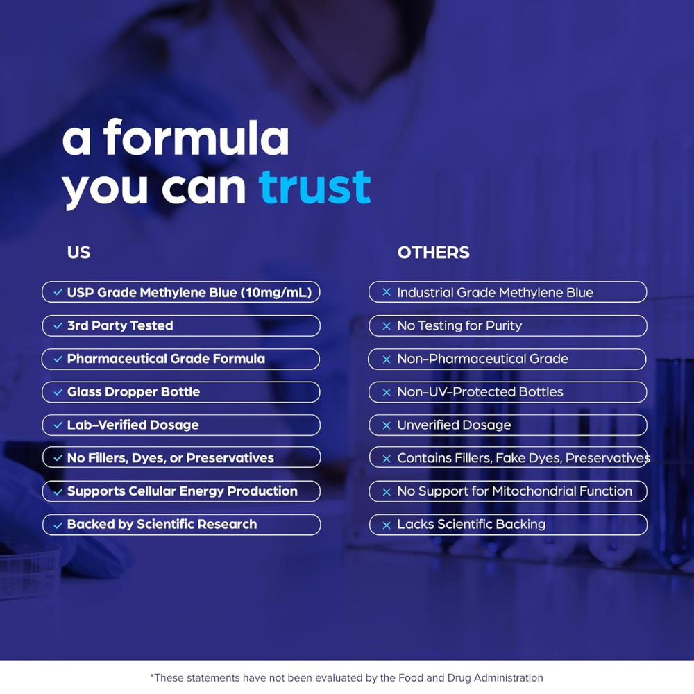 Most supplements cover symptoms. Methylene Blue works at the source.
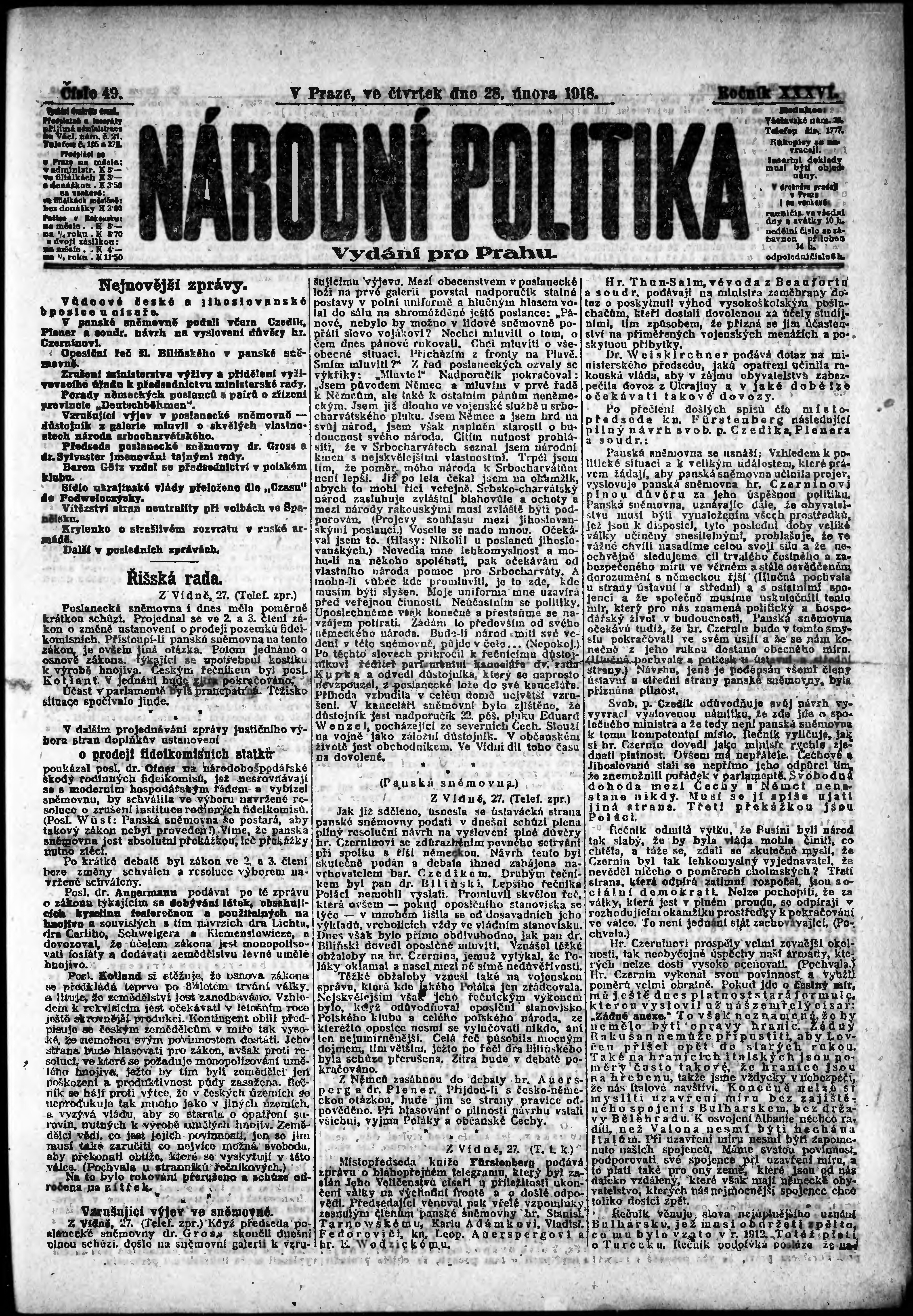 ranní vydání; vydání pro Prahu;
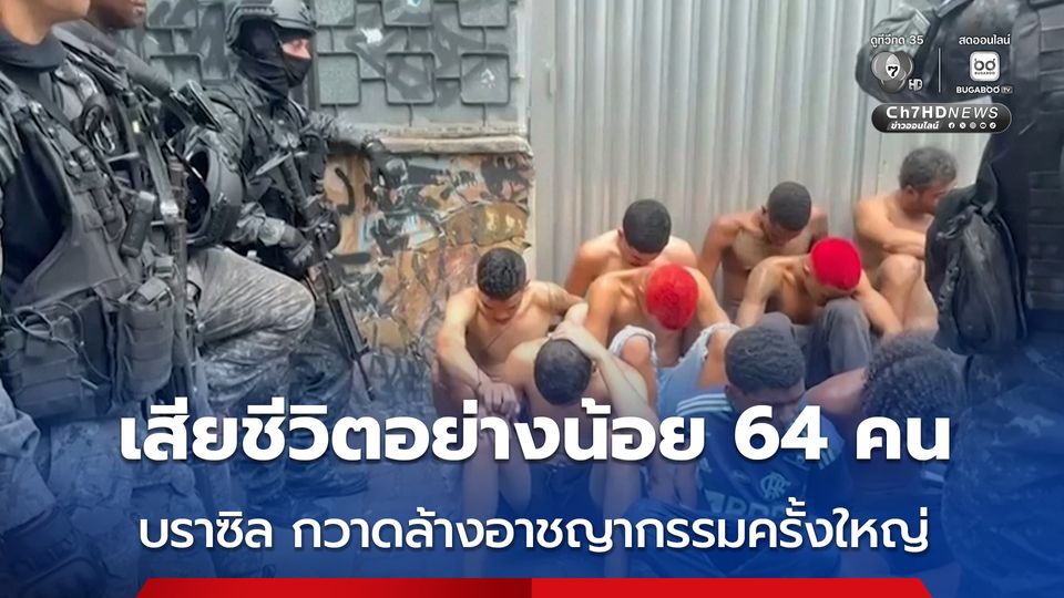 เจ้าหน้าที่ตำรวจบราซิล ปฏิบัติการปราบปรามแก๊งอาชญากรรมครั้งใหญ่ในนครรีโอเดจาเนโร ก่อนเป็นเจ้าภาพจัดงานประชุมสุดยอดสภาพภูมิอากาศของสหประชาชาติ หรือ COP30 ส่งผลให้มีผู้เสียชีวิต 64 คน

· · · · ·

### YOUR OBJECTIVE
Every line of the material must be repeated exactly; pictures stay out.

### FINAL ANSWER
 Most supplements cover symptoms. Methylene Blue works at the source.
 ranní vydání; vydání pro Prahu;
 เจ้าหน้าที่ตำรวจบราซิล ปฏิบัติการปราบปรามแก๊งอาชญากรรมครั้งใหญ่ในนครรีโอเดจาเนโร ก่อนเป็นเจ้าภาพจัดงานประชุมสุดยอดสภาพภูมิอากาศของสหประชาชาติ หรือ COP30 ส่งผลให้มีผู้เสียชีวิต 64 คน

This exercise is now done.